[英]How to get percent of category by group in pandas
Apologies if something similar has been asked before, I searched around but couldn't figure out a solution.抱歉,如果以前有人问过类似的问题,我四处搜索但找不到解决方案。
My dataset looks like such我的数据集看起来像这样
data1 = {'Group':['Winner','Winner','Winner','Loser','Loser','Loser'],
'MathStudy': ['Read','Read','Notes','Cheat','Cheat','Read'],
'ScienceStudy': ['Notes','Read','Cheat','Cheat','Read','Notes']}
df1 = pd.DataFrame(data=data1)
I would like to get a % of total for each category for each group, as shown below.我想获得每个组的每个类别的总数百分比,如下所示。 In my dataset the number of winners and losers changes, so a flexible solution is appreciated.在我的数据集中,赢家和输家的数量发生了变化,因此非常感谢灵活的解决方案。
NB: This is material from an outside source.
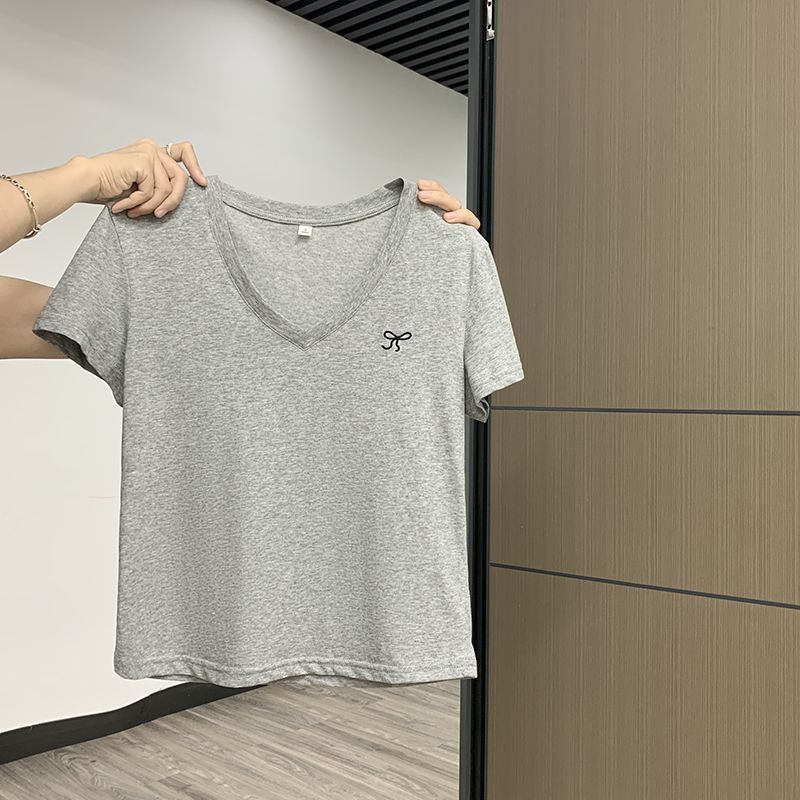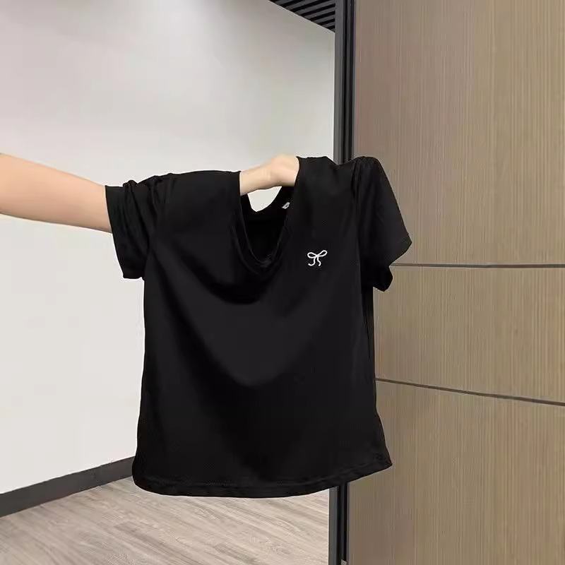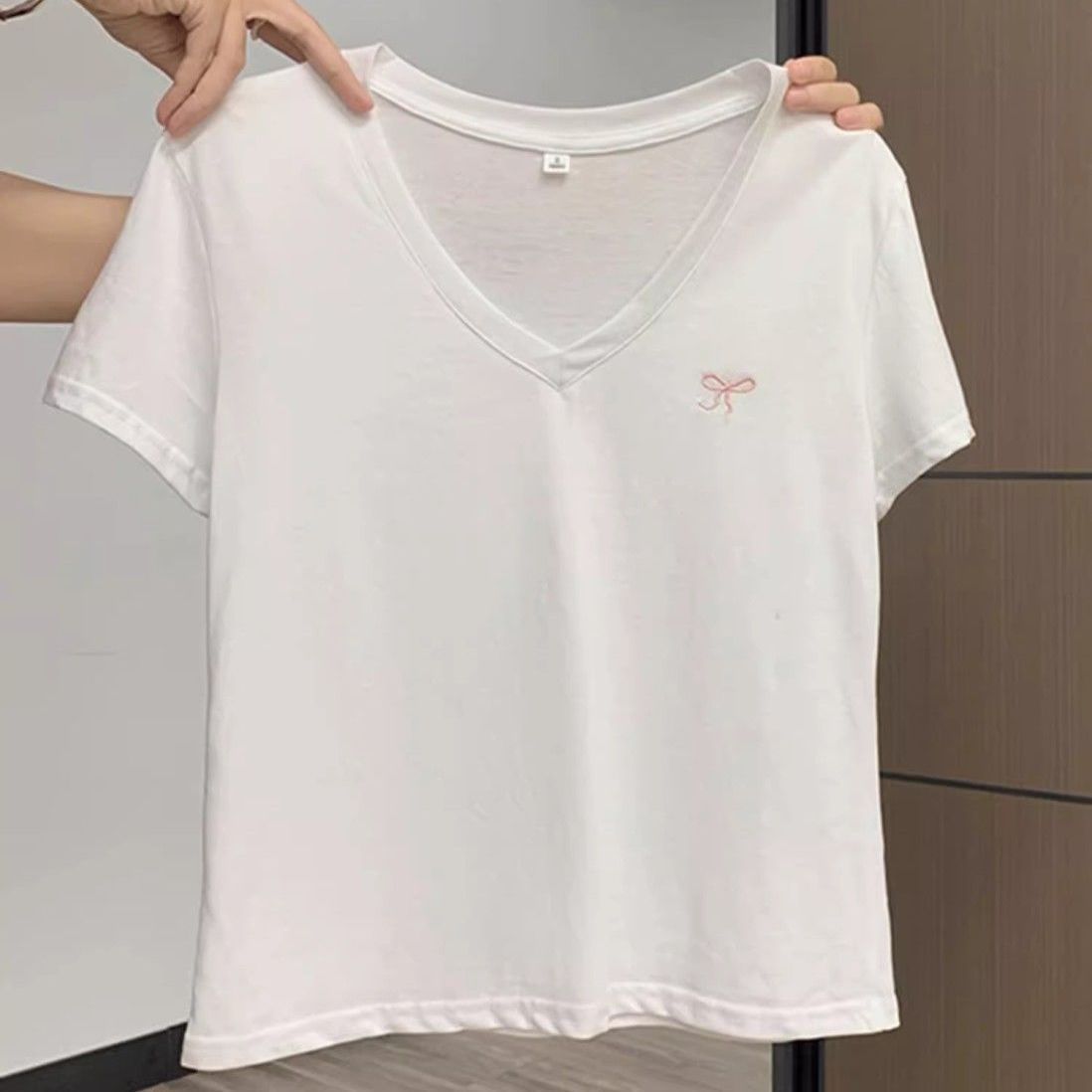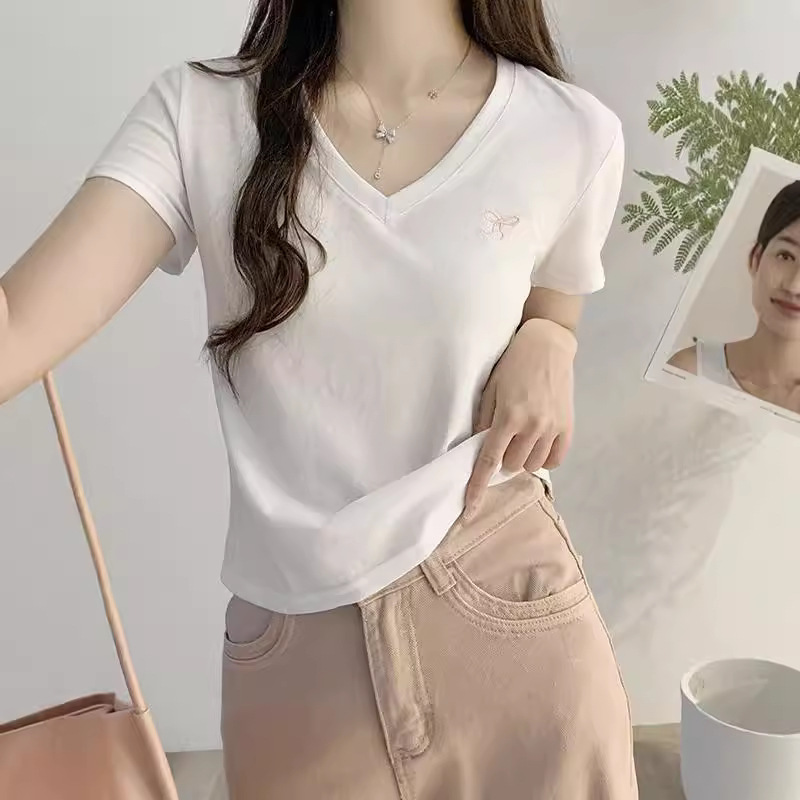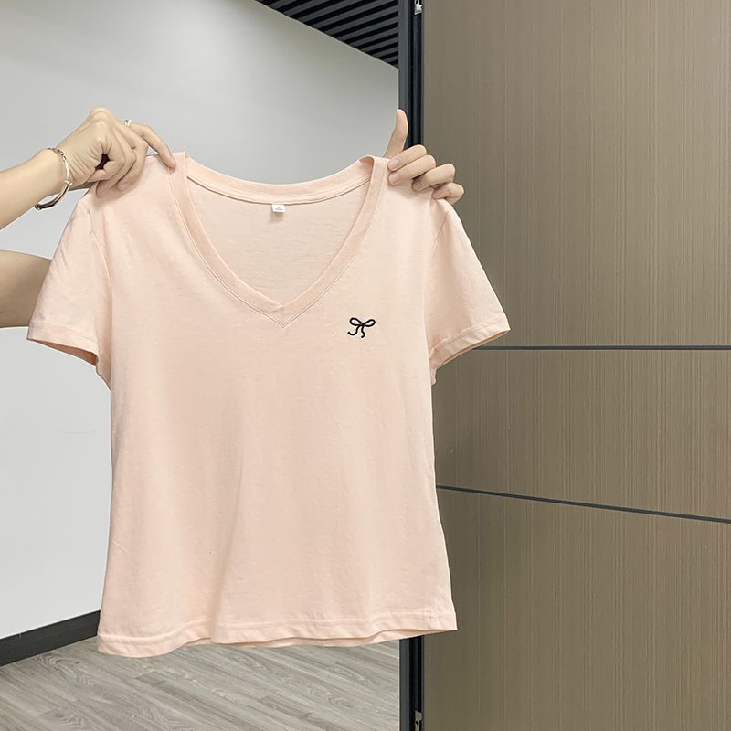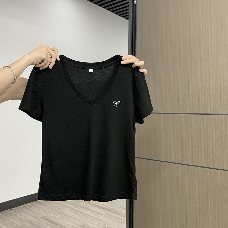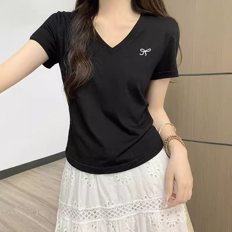 黑色修身V领短袖T恤女夏季收腰显瘦蝴蝶结刺绣小个子通勤别致上衣

Thank you in advance!先感谢您!
Use DataFrame.melt
with crosstab
and normalize
parameter:使用DataFrame.melt
与crosstab
和normalize
参数:
df1 = df1.melt('Group', var_name='Type')
df2 = pd.crosstab([df1['Group'], df1['Type']], df1['value'], normalize=0)
print (df2)
value Cheat Notes Read
Group Type
Loser MathStudy 0.666667 0.000000 0.333333
ScienceStudy 0.333333 0.333333 0.333333
Winner MathStudy 0.000000 0.333333 0.666667
ScienceStudy 0.333333 0.333333 0.333333
Last if need MultiIndex
to columns with remove value
column name add DataFrame.rename_axis
with DataFrame.reset_index
:最后,如果需要MultiIndex
到具有删除value
列名称的列,请添加DataFrame.rename_axis
和DataFrame.reset_index
:
df2 = df2.rename_axis(columns=None).reset_index()
print (df2)
Group Type Cheat Notes Read
0 Loser MathStudy 0.666667 0.000000 0.333333
1 Loser ScienceStudy 0.333333 0.333333 0.333333
2 Winner MathStudy 0.000000 0.333333 0.666667
3 Winner ScienceStudy 0.333333 0.333333 0.333333
@jezrael's solution is intuitive and what I would do first hand. @jezrael 的解决方案很直观,我会直接做。 However, I recently learned that melt
usually performs poorly.然而,我最近了解到, melt
通常表现不佳。 Here's an alternative if performance is important, eg in codes that are used repeatedly:如果性能很重要,例如在重复使用的代码中,这是一个替代方案:
g = df1.groupby('Group')
cols = ['MathStudy', 'ScienceStudy']
out = (pd.concat({col:g[col].value_counts(normalize=True) for col in cols})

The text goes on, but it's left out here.